Answer:


You need to know how big is the chance of finding an alanine in a helix, in a strand, and in any of the other structure classes (turn, loop, etc). Lets call these P(Ala,H), P(Ala,S), P(Ala,R) in wich H,S, and R stand for Helix, Strand, and Rest. Obviously P(X,H)+P(X,S)+P(X,R)=1.0 for each of the twenty amino acids X.

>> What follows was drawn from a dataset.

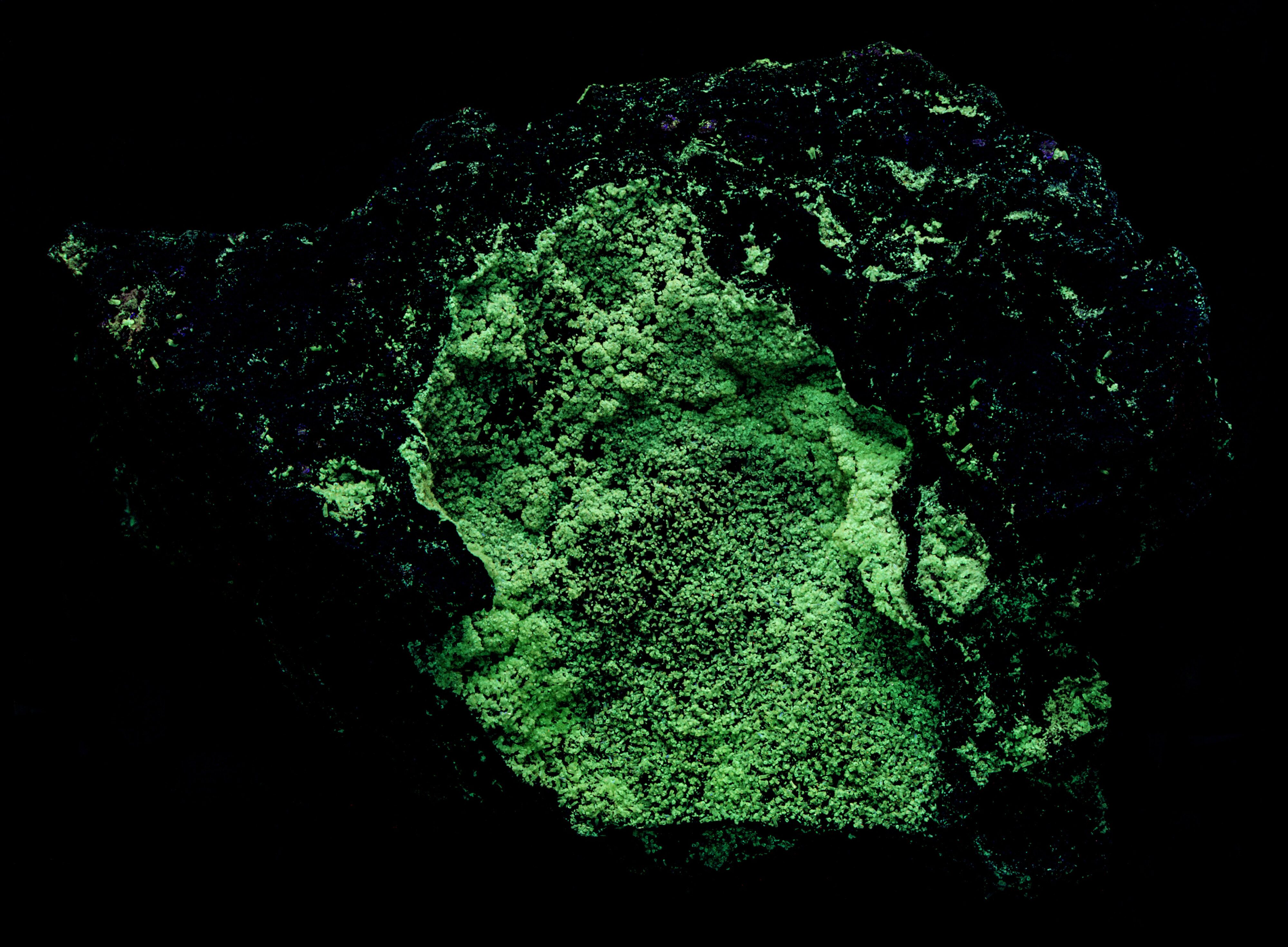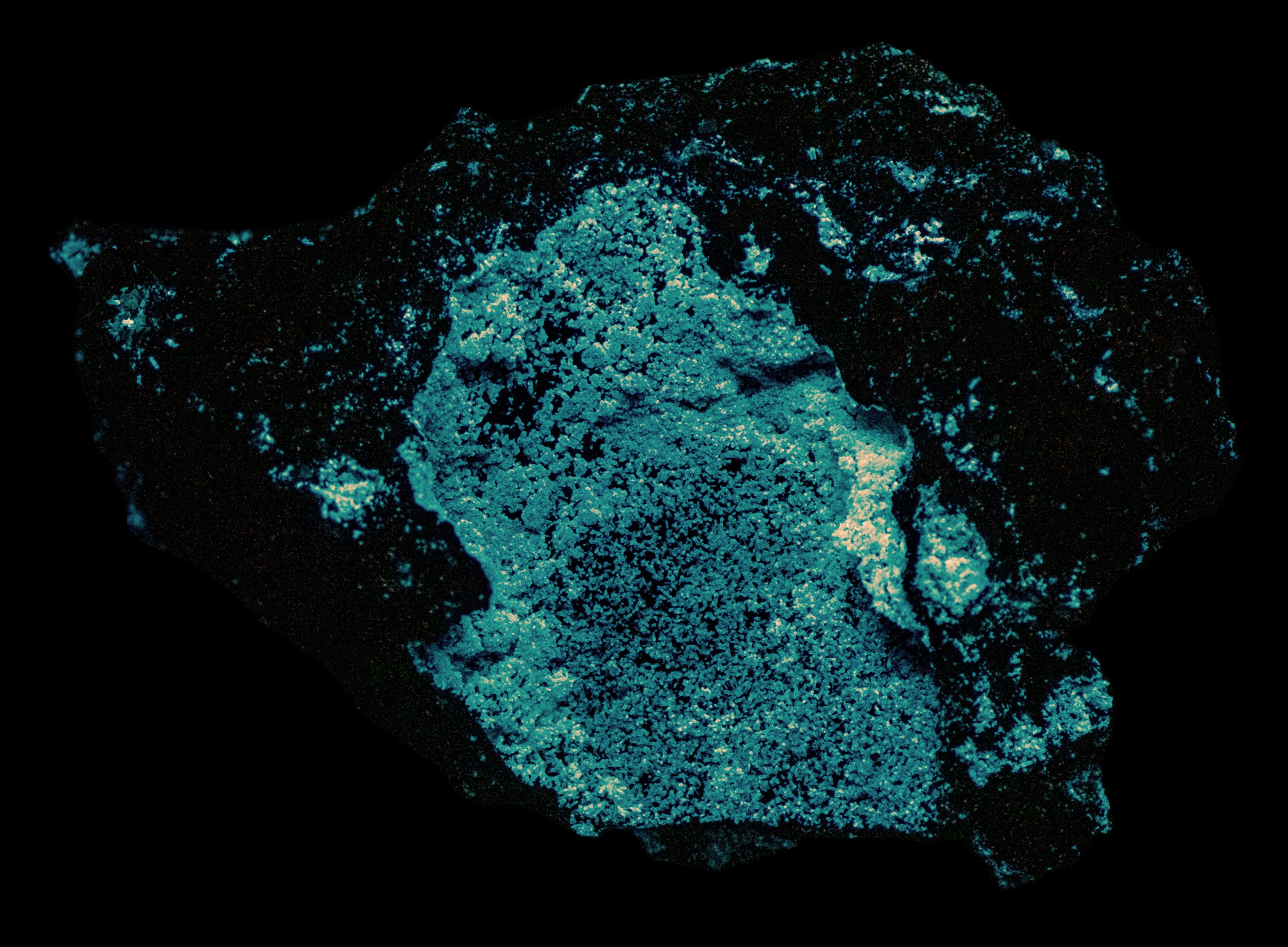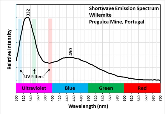 The emission spectrum plot also shows the location of three narrow bandpass filters used to create the false color image of ultraviolet fluorescence. The emission peak falls between the 310 nm and 350 nm filters. The color of the willemite’s ultraviolet fluorescence is a combination of blue assigned to the 310 nm bandpass image and green assigned to the 350 nm bandpass image.
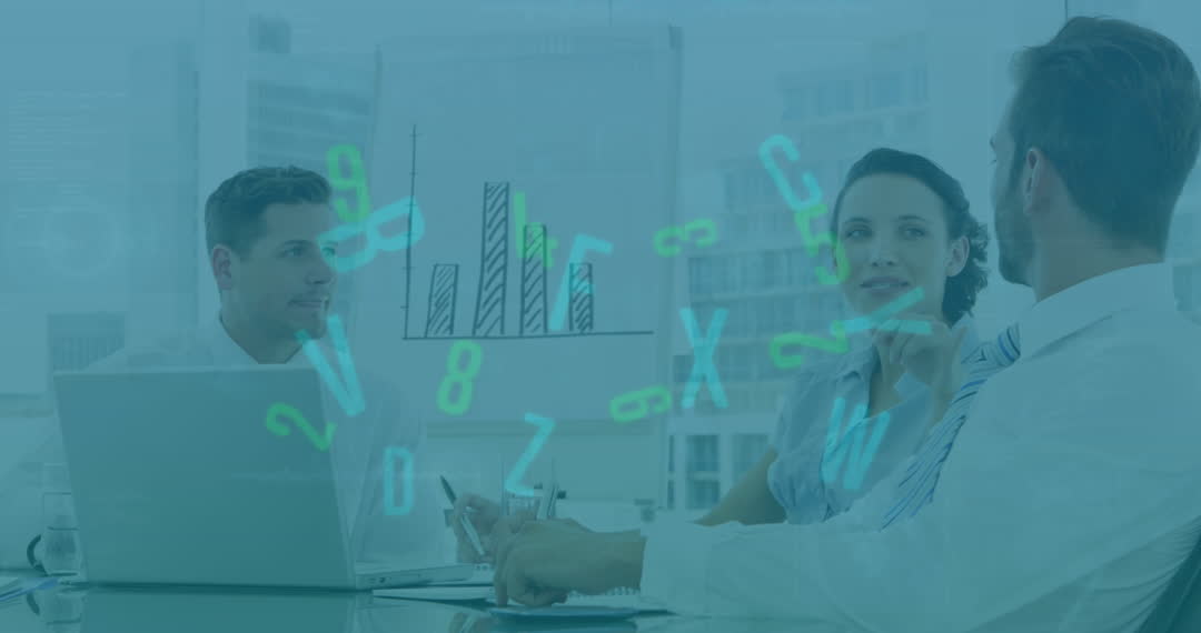 Business professionals in discussion, focusing on financial analysis and digital data visualization. Useful for illustrating teamwork in a corporate environment, financial analysis concepts, or digital transformation in businesses.

So, how big is P(Ala,H)? Well, P(Ala,H)=P(Ala)*P(H). And those two chances we can obtain from counting in the whole dataset all residues, all Ala, and all H. Typical numbers could be: data set size = 407128. Number of Ala = 28777. Number of H is 122991. This gives us P(Ala) = 28777/407128 = 7.1% and P(H) = 122991/407128 = 30.2%. So that P(Ala,H) = 2.1%. And the expected number of Ala in a helix Fpred(Ala,H) = 0.021 * 407128 = 8693 (check that that is 30.2% of 28777, and check that you understand why that should be). This you now do three times for all 20 amino acids. So you want P(Ala,H), P(Ala,S), P(Ala,R), P(Cys,H), P(Cys,S), etcetera, 60 numbers in total. These chances can be converted into Fpred values. And that is your null-model.